SPARK_HOME = USER_FILE_PATH + SPARK_PATH + SPARK_FILE
os.environ['SPARK_HOME'] = SPARK_HOME
# Append pySpark to Python Path
sys.path.append(SPARK_HOME + "/python")
sys.path.append(SPARK_HOME + "/python" + "/lib/py4j-0.10.1-src.zip")
try:
from pyspark import SparkContext
from pyspark import SparkConf
from pyspark.sql import SQLContext
from pyspark.graphframes import GraphFrame
except ImportError as ex:
print "Can not import Spark Modules", ex
sys.exit(1)
# GLOBAL VARIABLES --------------------------------------------------------- -----------------------#
SC = SparkContext('local')
SQL_CONTEXT = SQLContext(SC)
# MAIN CODE ---------------------------------------------------------------------------------------#
if __name__ == "__main__":
# Main Path to CSV files
DATA_PATH = '/PycharmProjects/GenesAssociation/data/'
FILE_NAME = 'gene_gene_associations_50k.csv'
# LOAD DATA CSV USING PANDAS -----------------------------------------------------------------#
print "STEP 1: Loading Gene Nodes -------------------------------------------------------------"

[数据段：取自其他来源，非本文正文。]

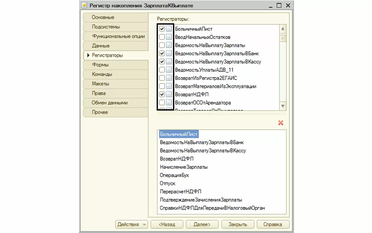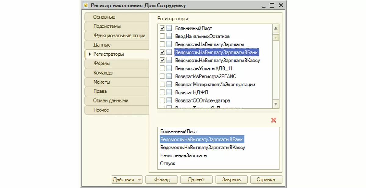 На закладке «Регистраторы» перечислим документы, которые будут производить запись в наш регистр. В нашем примере сделаем акцент на документе «Ведомость на выплату зарплаты в банк» и далее будем следить за движениями регистра, сделанными этим документом.

# Read csv file and load as df
GENES = pd.read_csv(USER_FILE_PATH + DATA_PATH + FILE_NAME,
usecols=['OFFICIAL_SYMBOL_A'],
low_memory=True,
iterator=True,
chunksize=1000)
# Concatenate chunks into list & convert to dataFrame
GENES_DF = pd.DataFrame(pd.concat(list(GENES), ignore_index=True))
# Remove duplicates
GENES_DF_CLEAN = GENES_DF.drop_duplicates(keep='first')
# Name Columns
GENES_DF_CLEAN.columns = ['gene_id']
# Output dataFrame
print GENES_DF_CLEAN
# Create vertices
VERTICES = SQL_CONTEXT.createDataFrame(GENES_DF_CLEAN)
# Show some vertices
print VERTICES.take(5)
print "STEP 2: Loading Gene Edges -------------------------------------------------------------"

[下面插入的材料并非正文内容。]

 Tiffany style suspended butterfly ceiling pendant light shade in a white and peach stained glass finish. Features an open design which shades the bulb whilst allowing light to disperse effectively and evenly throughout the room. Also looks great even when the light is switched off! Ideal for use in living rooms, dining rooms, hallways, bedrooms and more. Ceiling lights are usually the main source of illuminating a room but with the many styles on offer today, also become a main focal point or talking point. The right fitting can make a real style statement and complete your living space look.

# Read csv file and load as df
EDGES = pd.read_csv(USER_FILE_PATH + DATA_PATH + FILE_NAME,
usecols=['OFFICIAL_SYMBOL_A', 'OFFICIAL_SYMBOL_B', 'EXPERIMENTAL_SYSTEM'],
low_memory=True,
iterator=True,
chunksize=1000)
# Concatenate chunks into list & convert to dataFrame
EDGES_DF = pd.DataFrame(pd.concat(list(EDGES), ignore_index=True))
# Name Columns
EDGES_DF.columns = ["src", "dst", "rel_type"]
# Output dataFrame
print EDGES_DF
# Create vertices
EDGES = SQL_CONTEXT.createDataFrame(EDGES_DF)
# Show some edges
print EDGES.take(5)
g = gf.GraphFrame(VERTICES, EDGES)
#导入其他库--------------------------------------------------------
导入操作系统
导入系统
作为pd进口熊猫
#进口火花------------------------------------------------------------------------------------#
#Spark源文件夹的路径
USER\u FILE\u PATH=“/Users/”
SPARK_PATH=“/PycharmProjects/GenesAssociation”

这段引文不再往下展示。